Ghosh Monideep, Baxter Nesta, Homer-Ward Michael
Portsmouth Hospitals University NHS Trust, Portsmouth, UK.
Norfolk and Norwich University Hospital NHS Foundation Trust, Norwich, UK.
SAGE Open Med Case Rep. 2025 Jul 8;13:2050313X251356911. doi: 10.1177/2050313X251356911. eCollection 2025.
Neuromyelitis optica with a positive aquaporin-4 antibody is a rare autoimmune condition, which has a higher prevalence in females, and disproportionately affects Black and Asian persons with a typical age of first presentation between the ages of 30 and 40. We report a unique case of a 69-year-old Caucasian male who presented following a fall along with generalised weakness, unilateral myotomal pain, and urinary dysfunction.
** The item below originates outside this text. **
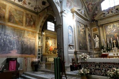 -Nella Cappella di San Giovanni Gualberto, gli affreschi di Alessandro Allori raccontano la vita del santo e la Ricognizione delle reliquie;

His medical history included two previous venous thromboembolic events, for which he was anticoagulated with warfarin. Extensive investigations, including MRI of the whole spine and lumbar puncture, revealed longitudinally extensive transverse myelitis and a positive aquaporin-4 antibody, confirming neuromyelitis optica. The patient was treated with intravenous methylprednisolone, plasma exchange, and immunoglobulin therapy, followed by rehabilitation. This case highlights the importance of considering neuromyelitis optica in atypical patient demographics and that early recognition through neurological assessment, imaging, and antibody testing is critical in preventing severe disability.
水通道蛋白4抗体阳性的视神经脊髓炎是一种罕见的自身免疫性疾病,女性患病率较高,对黑人和亚洲人影响尤甚,首次发病的典型年龄在30至40岁之间。我们报告了一例独特病例,一名69岁的白种男性,因跌倒后出现全身无力、单侧肌节段性疼痛和排尿功能障碍前来就诊。他的病史包括既往两次静脉血栓栓塞事件,为此他接受了华法林抗凝治疗。包括全脊柱MRI和腰椎穿刺在内的广泛检查显示为纵向广泛横贯性脊髓炎且水通道蛋白4抗体阳性,确诊为视神经脊髓炎。该患者接受了静脉注射甲基强的松龙、血浆置换和免疫球蛋白治疗,随后进行了康复治疗。该病例强调了在非典型患者人群中考虑视神经脊髓炎的重要性,以及通过神经学评估、影像学和抗体检测进行早期识别对预防严重残疾至关重要。